If the property is transferred within three years from the date of purchase, income tax exemption under Section 54F of the Income Tax Act is not applicable. Tax would therefore have to be paid.

7. How is a property sale concluded?

An agreement of sale document, accompanied by actual possession of the property by the buyer, marks the conclusion of a sale. Usually, the entire amount agreed upon is handed over at the time of possession.

Pertaining to Residences

1. What is the meaning of the terms carpet area, built-up area and super built-up area?

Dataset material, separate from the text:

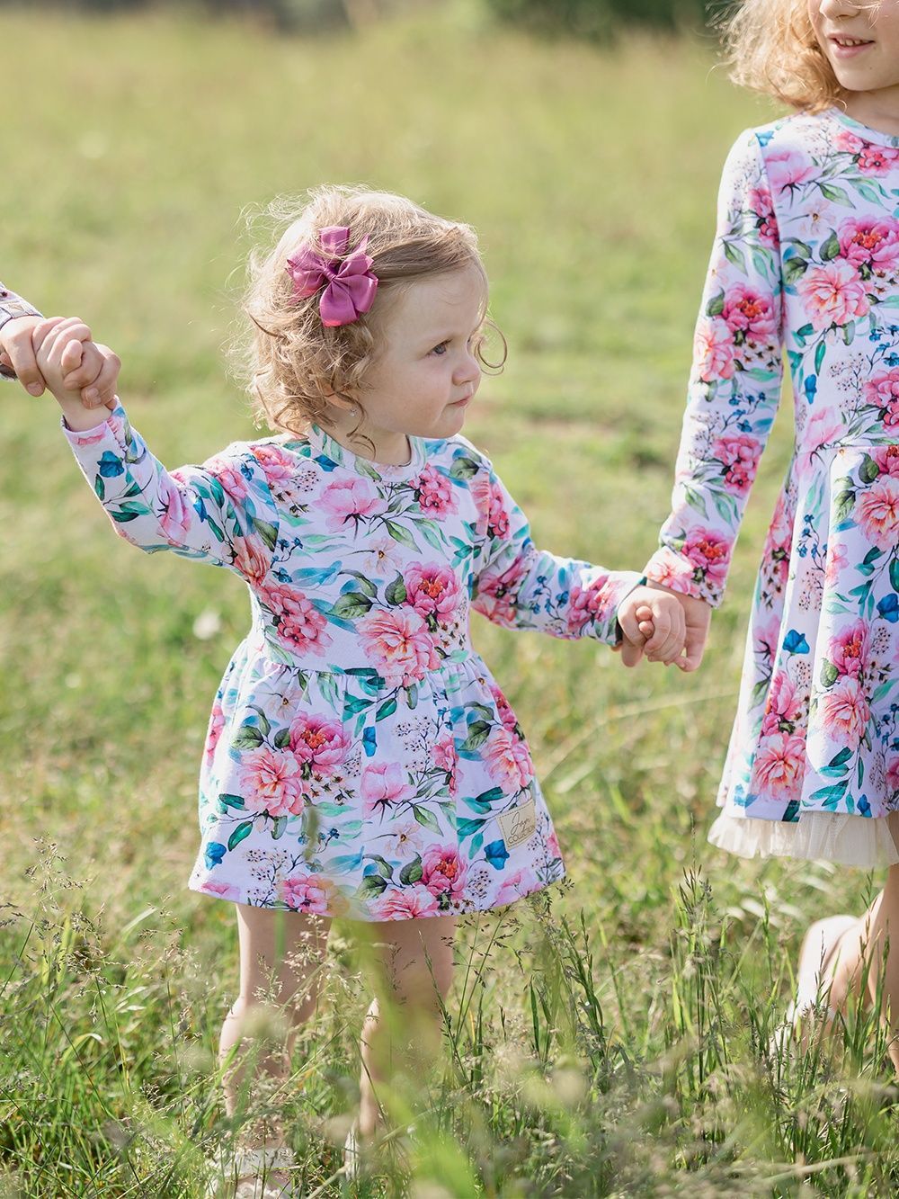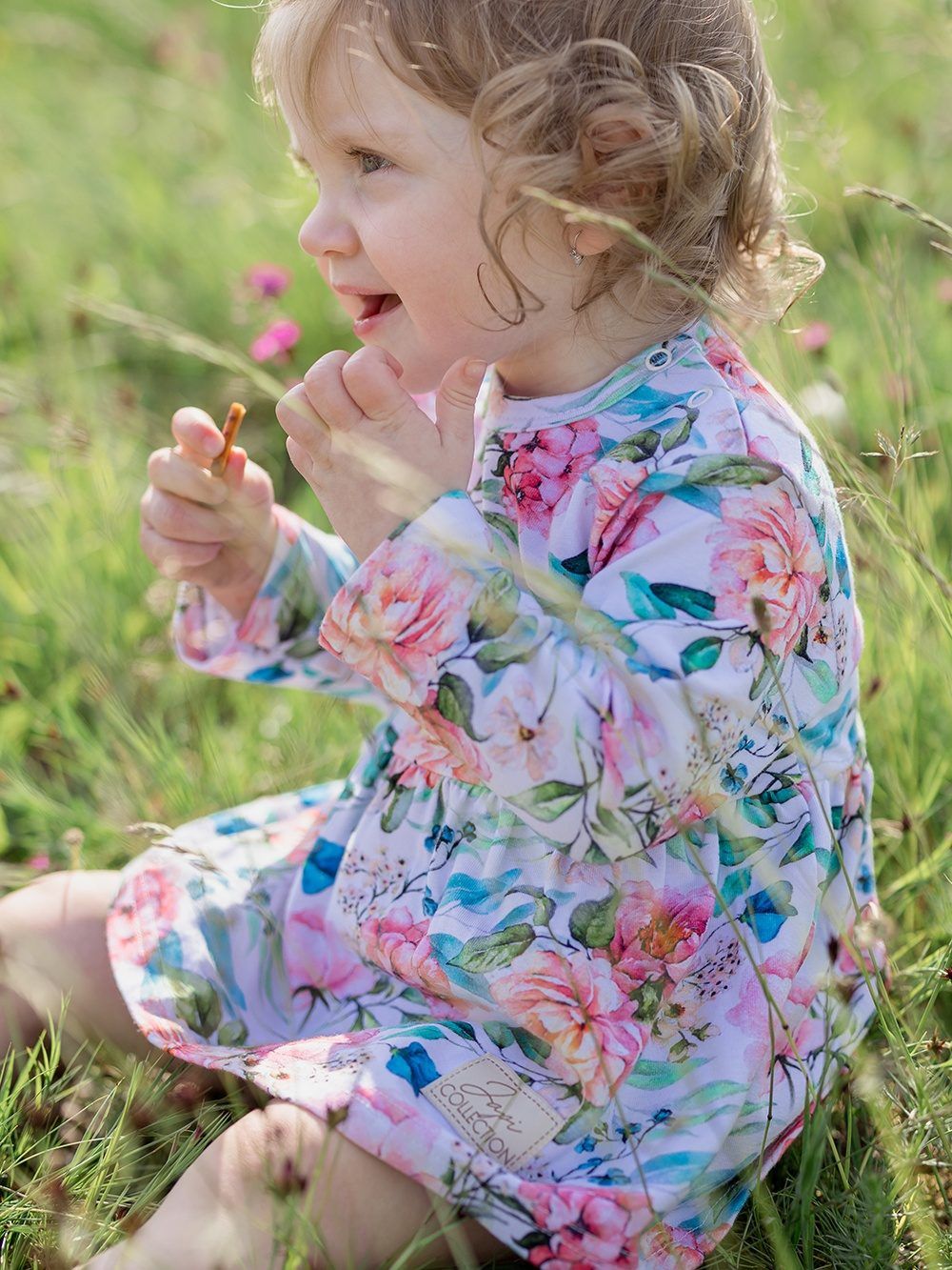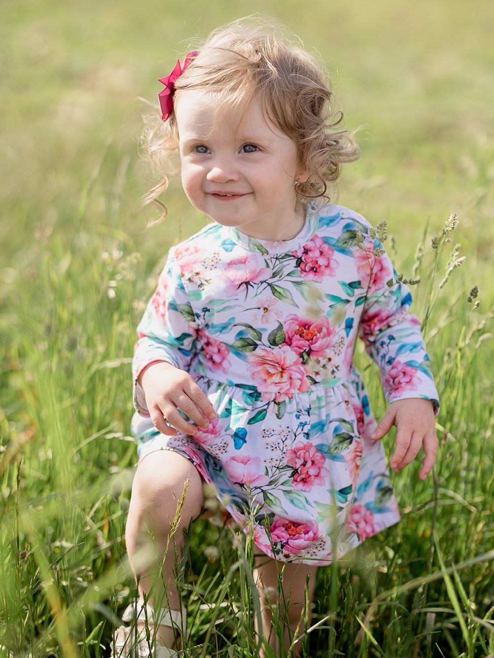 A body ruhákat a legkisebb hölgyeknek terveztük. Virágmintás pamutszövetből készítettük őket. A fehér alapon gyönyörűen kiemelkednek a bazsarózsa virágok és a zöld levelek. Gyengédnek és romantikusnak tűnnek. A szabás nagyon praktikus és kényelmes. Minőségi szegélyük van, amely nem nyomja és nem karcolja a gyerekeket. A szoknya a derékrészen varrott, alatta a body alsó része található. A patentos rögzítésnek köszönhetően könnyű a pelenkázás.
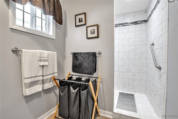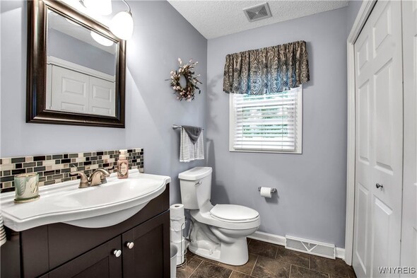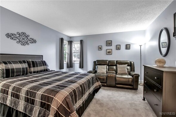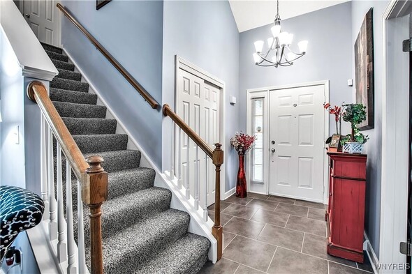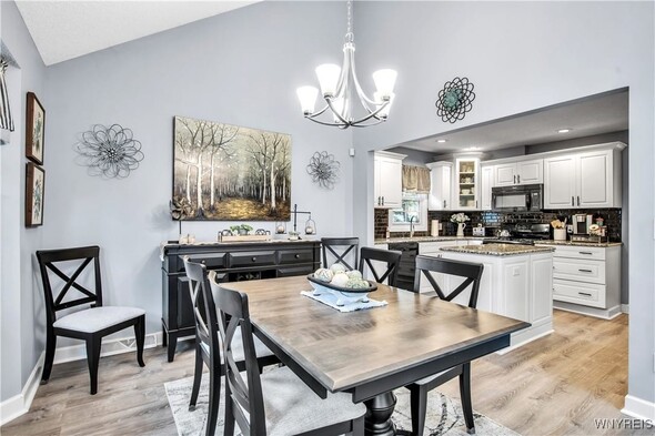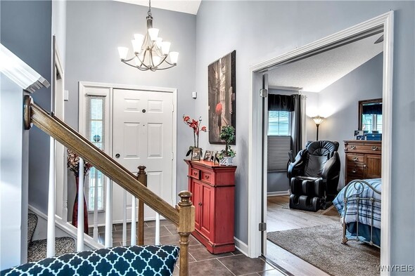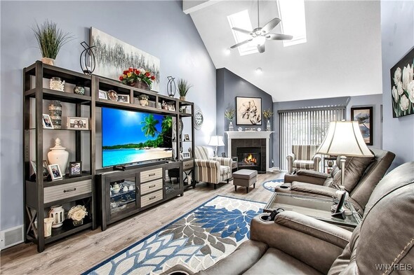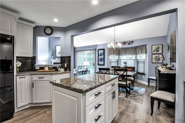 This impressive 3 bdrm 2.5 bath townhouse with low maintenance vinyl siding + attractive backyard deck w/awning has a beautiful 1st floor bedroom + full bath w/oversized shower, 'California' designed walk-in closet + spacious vanity. The Living Rm w/soaring vaulted ceiling w/2 skylights features a gas fireplace, luxury vinyl flooring + sliding door to a backyard deck w/a pretty awning. The formal Dining Rm w/bay windowed views + chandelier overlooks the bright Kitchen w/lots of sparkling white cabinetry w/granite counters, center island, built-in dishwasher + microwave, negotiable gas ov/range + refrigerator. Updated half bath w/attractive vanity + a convenient 1st floor laundry (washer + dryer negotiable). The 2nd floor includes 2 spacious carpeted bedrooms + updated full bath. The finished basement has a 35ft L shaped berber carpeted room + 16x12 berber carpeted room. Great mechanics: gas forced air furnace w/central air, hot water tank + circuit breaker box. Relax on your backyard deck w/awning or enjoy fireside views in the living room ~ this beautiful townhouse is located close to all conveniences!

The area of an apartment or building, excluding the area occupied by the walls, is known as the carpet area of the property. This is the area actually used, wherein a carpet can be laid. When the area of the walls, including the balcony, is added to the carpet area, this forms the built-up area. Finally, the built-up area including the area of the common spaces like lobby, lifts, stairs, garden and swimming pool is known as the super built-up area.

2. With apartments of different sizes in a residential complex, how would maintenance charge be fixed?

The actual area owned by an individual is legally the basis for calculating maintenance charges.

3. What is a Sinking Fund, and why do Co-operative Housing Societies collect it from owners?

A Sinking Fund is a contingency fund, collected so that if the building needs repairs, reconstruction, structural additions or alterations in the future, the society can use it for this purpose. All Co-operative Housing Societies are required by law to collect a Sinking Fund. The General Body fixes the amount to be contributed by each owner, usually at least 1/4 percent per annum of each apartment's cost. This excludes the cost of the land. The fund may be utilized on a resolution being passed at the General Body meeting, and with prior permission of the Registering Authority.

4. How is a lease agreement created?

Depending on the particular case, a lease agreement can be reached in one of two ways:

Where the lease contract is from year-to-year/ exceeding one year's rent/ reserving yearly rent, then a registered instrument can be created, which both lessor and lessee must execute.

In all other cases, an oral agreement followed by delivery of possession is generally considered sufficient.